## [Available data]
========

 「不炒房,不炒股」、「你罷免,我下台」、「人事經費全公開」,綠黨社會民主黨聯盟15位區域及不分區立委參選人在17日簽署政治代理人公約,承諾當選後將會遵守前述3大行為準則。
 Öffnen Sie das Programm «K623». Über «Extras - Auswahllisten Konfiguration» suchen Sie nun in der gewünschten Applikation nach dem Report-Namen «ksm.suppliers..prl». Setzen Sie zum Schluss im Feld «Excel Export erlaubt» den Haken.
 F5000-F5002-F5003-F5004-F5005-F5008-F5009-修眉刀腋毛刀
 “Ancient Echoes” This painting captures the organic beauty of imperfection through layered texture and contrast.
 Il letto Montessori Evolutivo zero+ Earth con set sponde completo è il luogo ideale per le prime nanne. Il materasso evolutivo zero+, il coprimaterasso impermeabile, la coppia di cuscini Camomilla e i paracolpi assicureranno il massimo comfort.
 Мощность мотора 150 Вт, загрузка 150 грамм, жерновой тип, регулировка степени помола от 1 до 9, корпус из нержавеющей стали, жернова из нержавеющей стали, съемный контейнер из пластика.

========

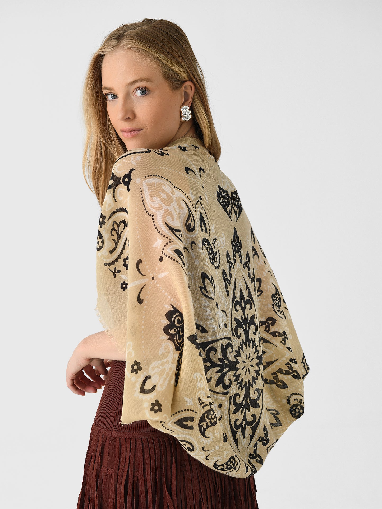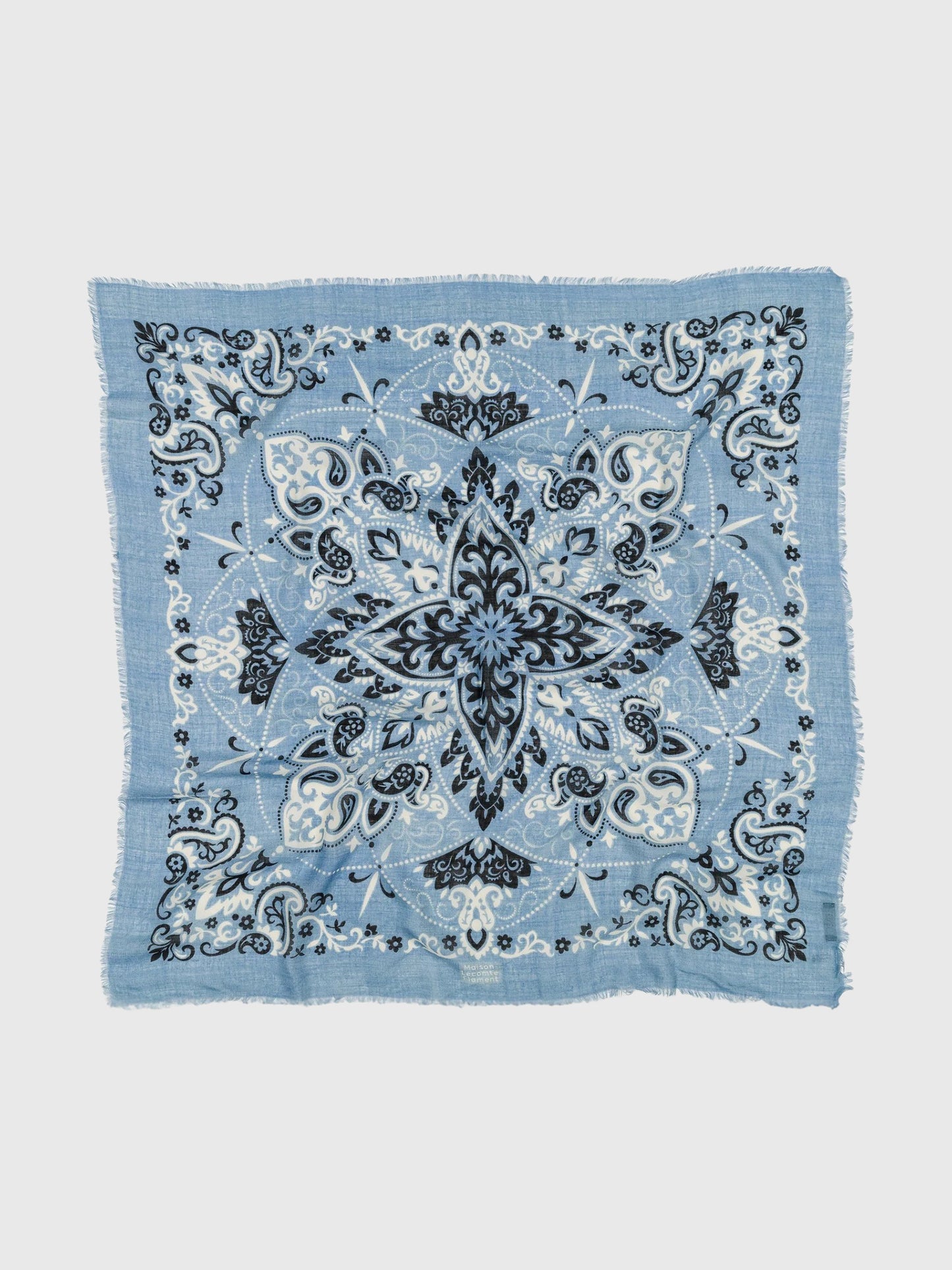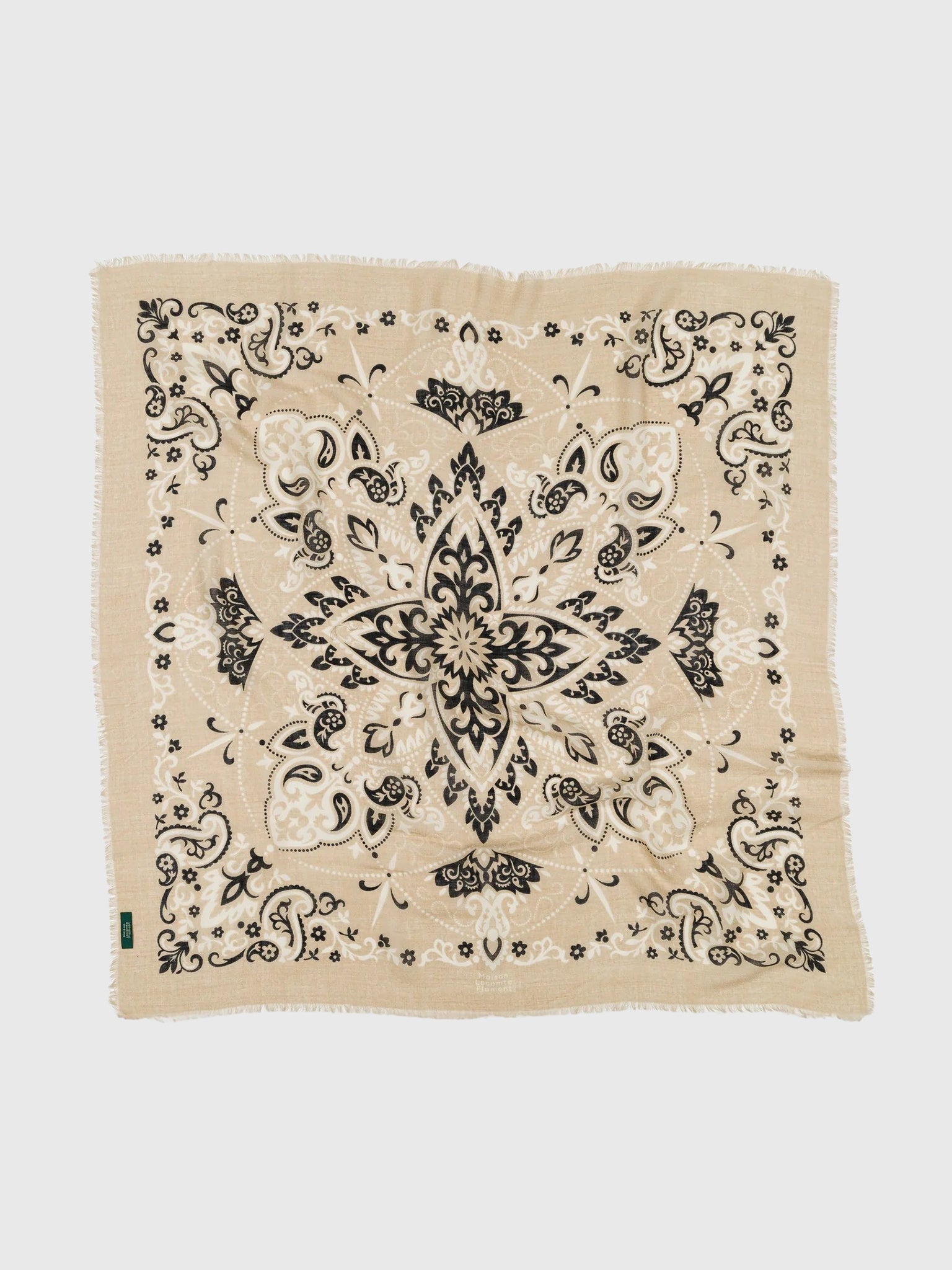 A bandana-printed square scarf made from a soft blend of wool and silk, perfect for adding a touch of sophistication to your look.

========

## [What to do]
Taking the material above, extract exactly and only the lines from the line with "Öffnen Sie das" to the line with "Il letto Montessori", inclusive of both.

## [Exercise output]
 Öffnen Sie das Programm «K623». Über «Extras - Auswahllisten Konfiguration» suchen Sie nun in der gewünschten Applikation nach dem Report-Namen «ksm.suppliers..prl». Setzen Sie zum Schluss im Feld «Excel Export erlaubt» den Haken.
 F5000-F5002-F5003-F5004-F5005-F5008-F5009-修眉刀腋毛刀
 “Ancient Echoes” This painting captures the organic beauty of imperfection through layered texture and contrast.
 Il letto Montessori Evolutivo zero+ Earth con set sponde completo è il luogo ideale per le prime nanne. Il materasso evolutivo zero+, il coprimaterasso impermeabile, la coppia di cuscini Camomilla e i paracolpi assicureranno il massimo comfort.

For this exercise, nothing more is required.